# Work request
Write out the listing, please, but only from its first line through the line containing "Between the early", exactly as given and without pictures.

--------------------------------

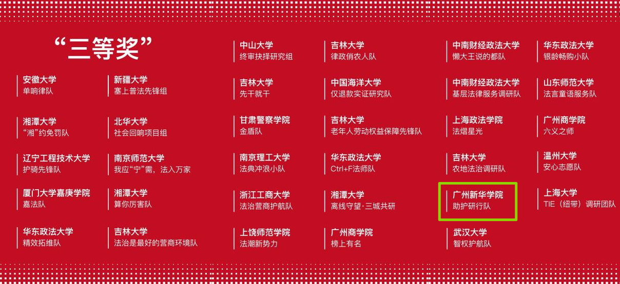 作为锤炼学生创新精神、协作能力与竞争意识的重要抓手,学科竞赛已成为衡量人才培养质量的关键标尺。其中,以“从法杯”全国大学生“法治中国”调研大赛为代表的高水平赛事,为关注中国法治发展的法学学子提供了交流互鉴、共同进步的专业平台。我院学子能够在全国范围内的激烈竞争中脱颖而出,不仅是个人长期勤学善思、积累沉淀的成果,更是学院始终坚持以法治教育为重点,持续强化学生综合素质与实践能力培养的成效写照。
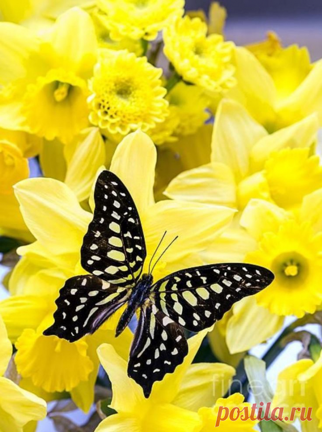 Graphium agamemnon - Графиум. Этот обширный род насчитывает около 100 видов, обитающих в южной Африке, а также на островах Юго-Восточной Азии и Океании. / Butterfly between the daffodils - Print by Edward Fielding/ Butterfly between the daffodils - Print by Edward Fielding | Papillons
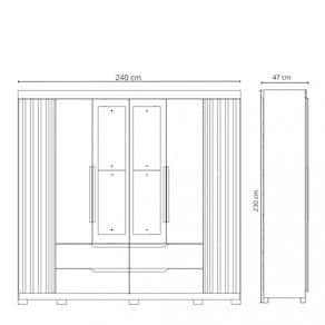 Dimensões: Altura: 230 cm Largura: 240 cm Profundidade: 47 cm Peso: 144,60
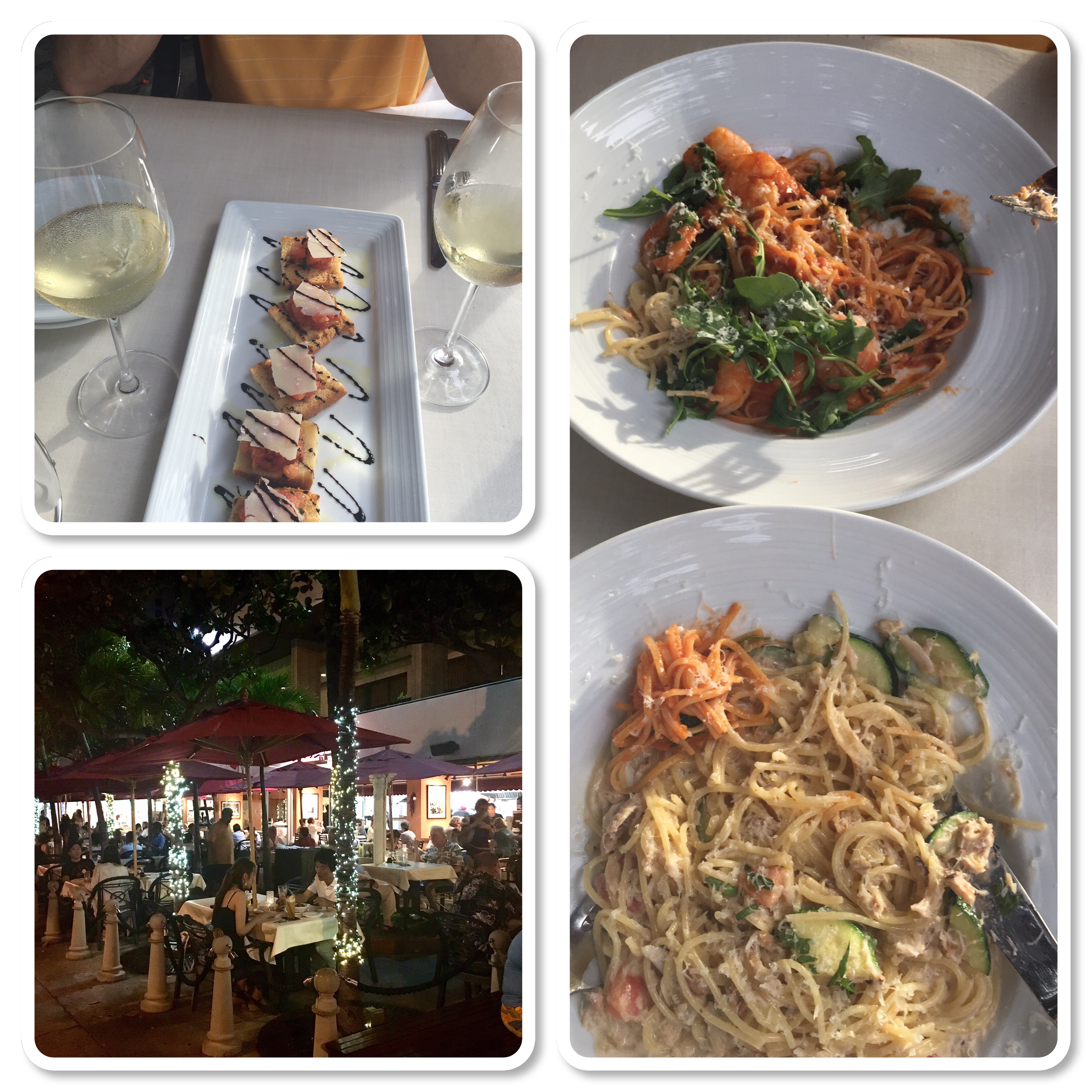 Between the early morning, light lunch and all the walking and sweating we was hungry! I was craving pasta so Bob found an Italian restaurant (Arancino) about a quarter of a mile away from the hotel that specialized in Asian Italian seafood dishes. Yummm! We were able to sit in the outside dining area and enjoy the breeze while the sun was going down. A couple of glasses of pino Grigio, some bruschetta for an appetizer and pasta for dinner had us waddling out of there.
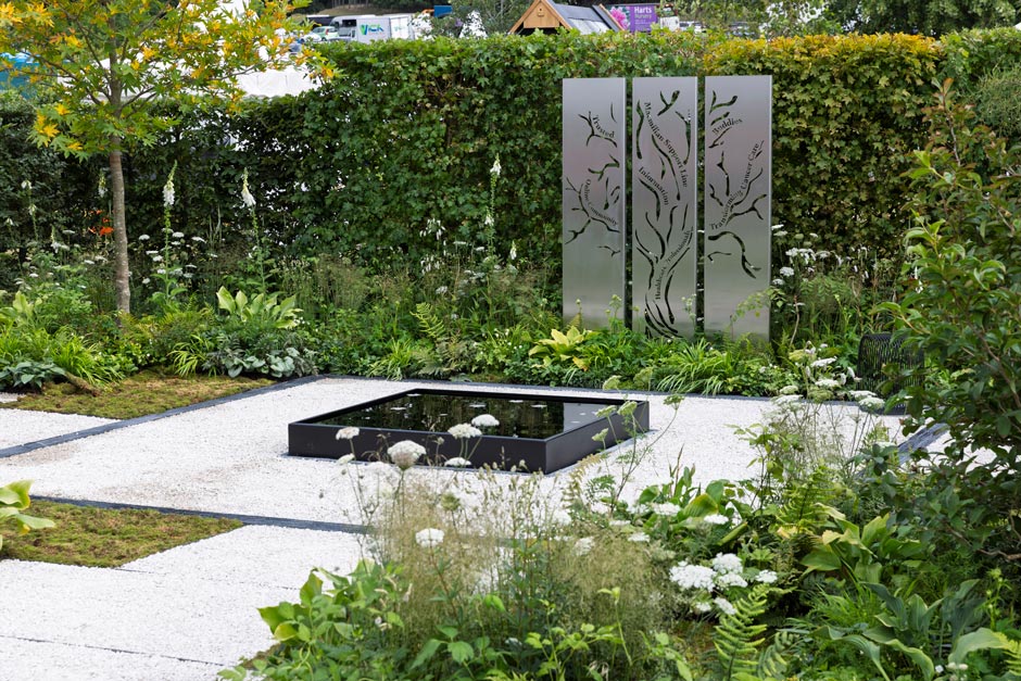 Proving that tranquillity can be created in even the smallest of borders with a bit of thoughtful planting, colour and design, Head In The Clouds encourages mindfulness and quiet reflection. Central to the design are a series of shallow, still reflective pools that echo the sky and clouds above, symbolising self-reflection and inviting inner calm. The planting features a calming palette of whites, silvers, and soft blues to echo the sky and promote tranquillity.

--------------------------------

# Task output
 作为锤炼学生创新精神、协作能力与竞争意识的重要抓手,学科竞赛已成为衡量人才培养质量的关键标尺。其中,以“从法杯”全国大学生“法治中国”调研大赛为代表的高水平赛事,为关注中国法治发展的法学学子提供了交流互鉴、共同进步的专业平台。我院学子能够在全国范围内的激烈竞争中脱颖而出,不仅是个人长期勤学善思、积累沉淀的成果,更是学院始终坚持以法治教育为重点,持续强化学生综合素质与实践能力培养的成效写照。
 Graphium agamemnon - Графиум. Этот обширный род насчитывает около 100 видов, обитающих в южной Африке, а также на островах Юго-Восточной Азии и Океании. / Butterfly between the daffodils - Print by Edward Fielding/ Butterfly between the daffodils - Print by Edward Fielding | Papillons
 Dimensões: Altura: 230 cm Largura: 240 cm Profundidade: 47 cm Peso: 144,60
 Between the early morning, light lunch and all the walking and sweating we was hungry! I was craving pasta so Bob found an Italian restaurant (Arancino) about a quarter of a mile away from the hotel that specialized in Asian Italian seafood dishes. Yummm! We were able to sit in the outside dining area and enjoy the breeze while the sun was going down. A couple of glasses of pino Grigio, some bruschetta for an appetizer and pasta for dinner had us waddling out of there.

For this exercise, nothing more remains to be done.